• _Exercise_
A picture should never appear in your copy. Transcribe the listing exactly from its first line through the line with "Nous remercions Stéphanie", both ends included.

......

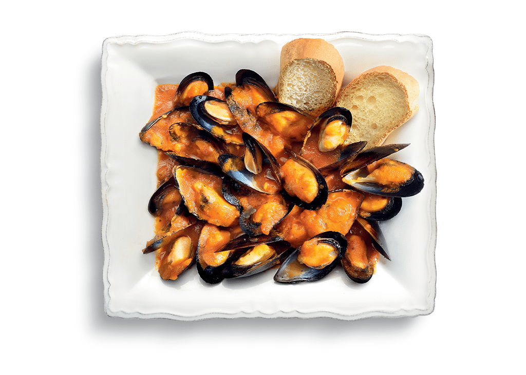 Una ricetta della tradizione marinara. Gustose cozze alla tarantina in salsa al pomodoro aromatizzate con cipolla e spezie, da servire caldo e accompagnato con crostini di pane tostato.
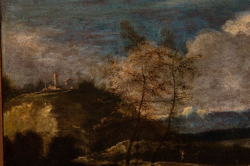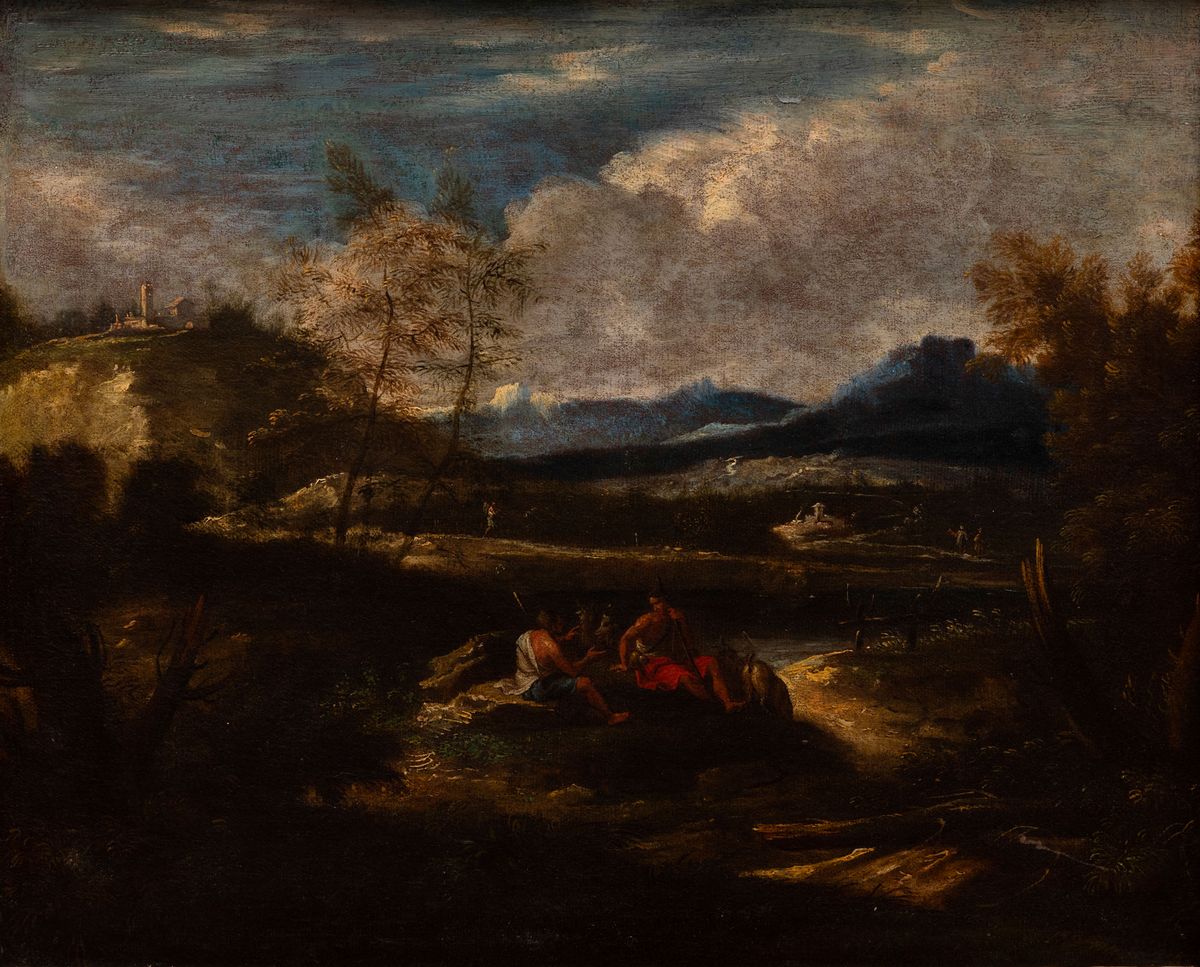 Scuola veneta del XVIII secolo Figure entro paesaggio
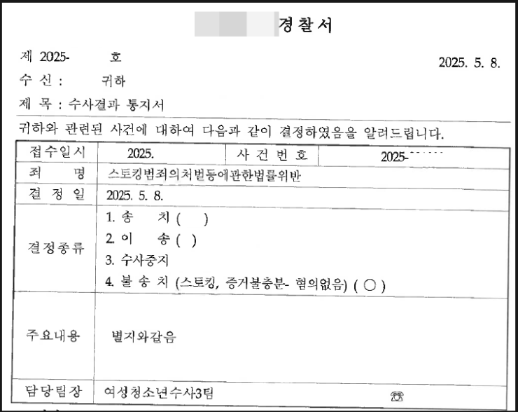 경찰 수사단계에서 "불송치" 결정으로 종결되었습니다.
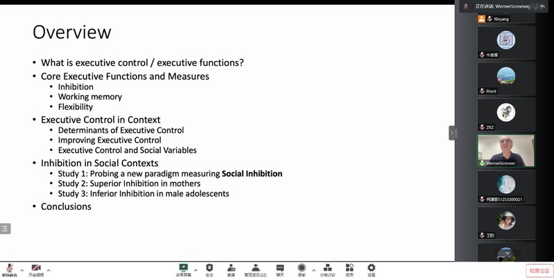2022年11月22日,德国柏林洪堡大学心理系Werner Sommer教授受邀,在线为我院青年教师和研究生作题为“Executive control in social contexts”的学术报告。报告会由我院明园晨晖学者刘欣阳博士主持,40余位师生参加了报告会。
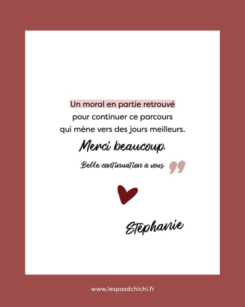 Nous remercions Stéphanie pour ses mots, sa confiance et son autorisation de partager son expérience.
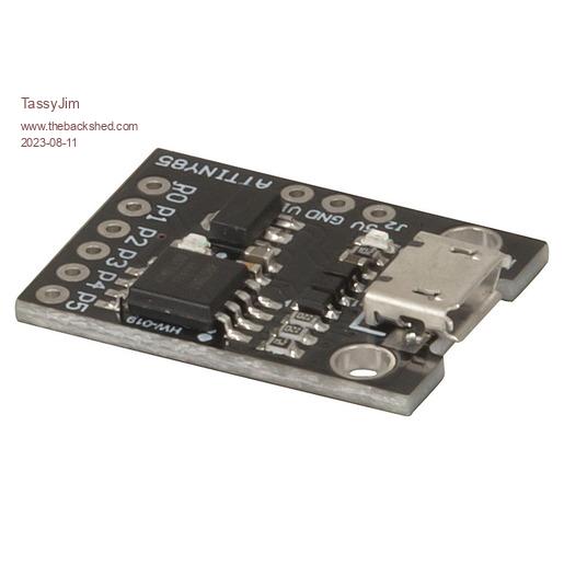 I have been playing 10 'kw\attiny 20 N = 16384 30 PRINT n* 2 40 n = n * 2 50 PRINT n 60 PRINT n-1 RUN --.)*( --.)*( 32767 OK > Trying to print 32768 gets interesting. As well as some loose chips, I purchased these boards ![]() I didn't notice that there were only the 6 IO pins on the header. The 5V and GND are on the side making strip-board use not as friendly as I had hoped. The pins on the header are in PB order, not physical pin number which is not a problem, just untidy. The good news is, it has 78M05 regulator on board so powering from 12V is easy. The USB is not usable as data but handy for powering from a 5V plugpack. I think/hope I have stomped on all the bugs when using it with MMEdit. Jim VK7JH MMedit |
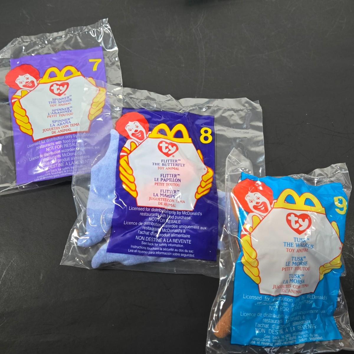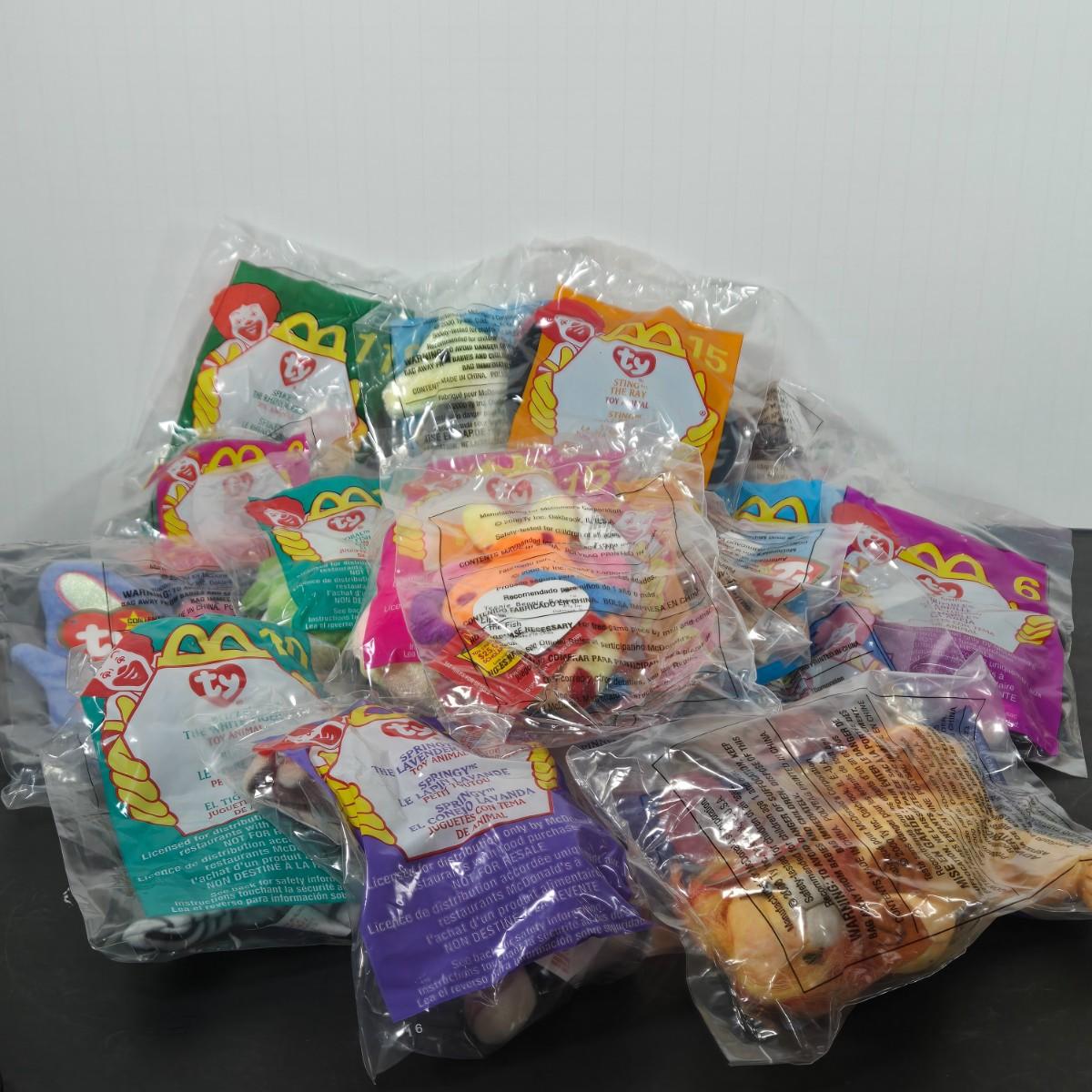 LOT 121: All in Unopened Original Packing; Complete Set of YEAR 2000 TY BEANIES, Incomplete Set of JUSTICE, NICKELODEON VICTORIOUS, and BARBIE Happy Meal Toys
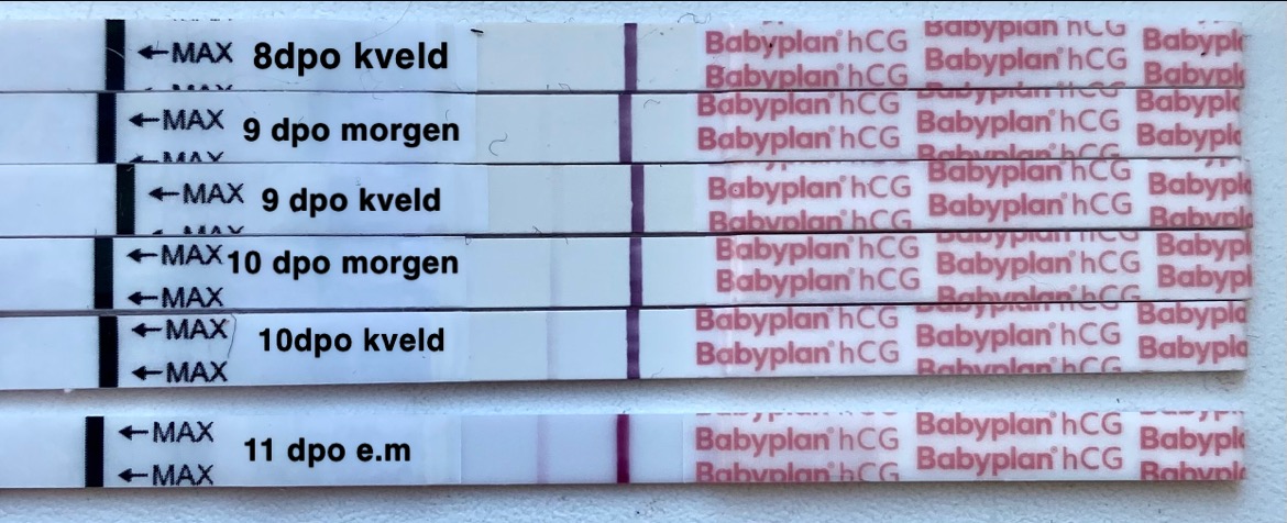 Her vil jeg bruke meg selv som eksempel. Forrige svangerskap fikk jeg den svakeste streken på 11dpo, den ble ikke med på bilder en gang så svak var den. Denne gangen var den samme streken der på 7 dpo!
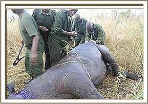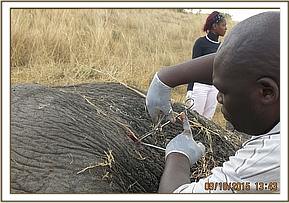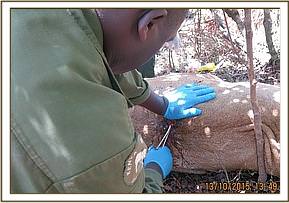 Chemical restraint was achieved by administration of 16mgs Etorphine hydrochloride delivered through a 3ml Dan inject dart from a vehicle. He was prevented from going into a nearby thicket using vehicles and guided towards a more open area. It took eight minutes for the drugs to take full effect with this bull assuming left lateral recumbency. He had to be flipped over using a vehicle and ropes in order to access the injured side.
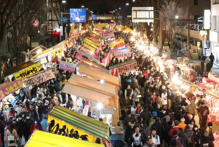 无论晴天或下雨,这项传统祭典每年 1 月 9 日都会在前桥市中心的 50 号公路上举行。会有几百个摊位贩卖幸运符与达摩,所以您一定会找到心中所爱。最常见的种类是达摩人偶,但是您也可以购买其他类型的幸运符,例如招财猫。初市祭能让您享受地道的集市体验,这里通常没有标价,让您有机会和友善的摊贩老板杀价。
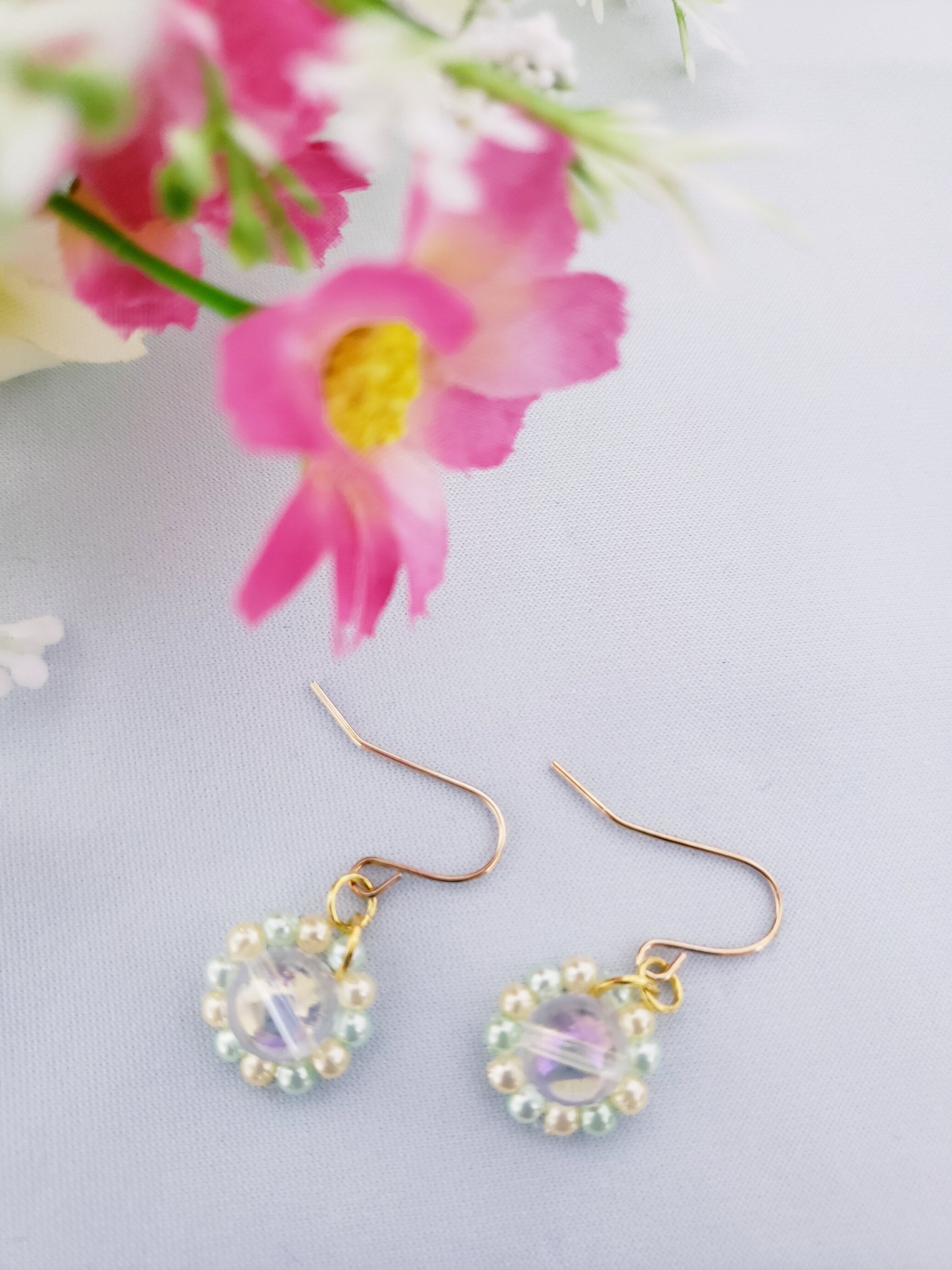 1粒天然石をフラワーピアスとしてアレンジ☆

......

• _Exercise answer_
 Una ricetta della tradizione marinara. Gustose cozze alla tarantina in salsa al pomodoro aromatizzate con cipolla e spezie, da servire caldo e accompagnato con crostini di pane tostato.
 Scuola veneta del XVIII secolo Figure entro paesaggio
 경찰 수사단계에서 "불송치" 결정으로 종결되었습니다.
2022年11月22日,德国柏林洪堡大学心理系Werner Sommer教授受邀,在线为我院青年教师和研究生作题为“Executive control in social contexts”的学术报告。报告会由我院明园晨晖学者刘欣阳博士主持,40余位师生参加了报告会。
 Nous remercions Stéphanie pour ses mots, sa confiance et son autorisation de partager son expérience.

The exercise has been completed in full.